The Eye of London

In the early 1990s a competition was launched to design a millennium landmark and architects David Marks and Julia Barfield’s idea of a large ferris-wheel to adorn the London skyline was victorious. They wanted visitors and Londoners to enjoy the spectacular views London has to offer. After 7 years of consultation, and drawing from an international skills base, the then Millennium Wheel was erected at 135m above the city, along the banks of the River Thames. The funding for the project came from British Airways and the Tussauds Group, and on the 31st December 1999, the world’s largest observation wheel was officially opened by Prime Minister Tony Blair.

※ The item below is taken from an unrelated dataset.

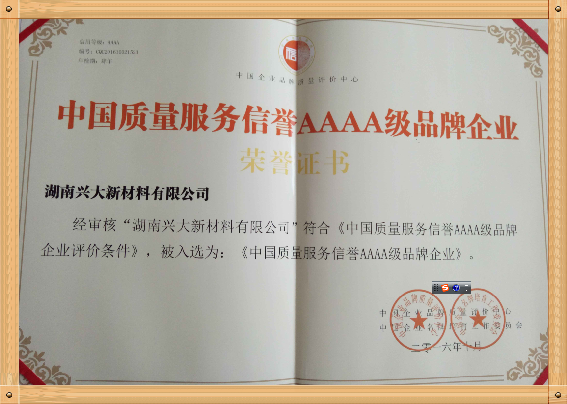 中國(guó)質(zhì)量服務(wù)信譽(yù)AAAA級(jí)品

Only the BT Tower, Tower 42 and One Canada Square in Canary Wharf are taller than the Wheel, making it the forth tallest structure in the Capital.

This most successful London landmark receives 3.5 million visitors every year, which is equal to 6,680 Boeing 747-400 jets, filled to capacity. During a 30 minute rotation (26cm per second), on a clear day, it is possible for the 800 passengers to see Windsor Castle from the top, which is 40km away.

The 32 capsules each weigh 10 tonnes, which is equal to the weight of 1,052,631 pound coins and can hold up to 25 people, or a smaller group for a private event, such as a wedding or a civil partnership. Packages start at £2,800 and vows are exchanged at the top of the rotation with wonderful photograph opportunities.

Since 20 January 2011, and agreeing a three-year sponsorship deal, the London landmark is now officially the EDF Energy London Eye and during the London 2012 Olympic Games, the Olympic rings will be displayed on the Wheel.

Sir Richard Rogers world-renowned architect, wrote of the London Eye:

“The Eye has done for London what the Eiffel Tower did for Paris, which is to give it a symbol and to let people climb above the city and look back down on it. Not just specialists or rich people, but everybody. That’s the beauty of it: it is public and accessible, and it is in a great position at the heart of London”

The London Eye is now as much a part of the Capital as Madam Tussauds, and a high priority on the list of ‘Must visit landmarks’ for not only tourists, by locals alike, and the experience encompasses the romance of the city of London.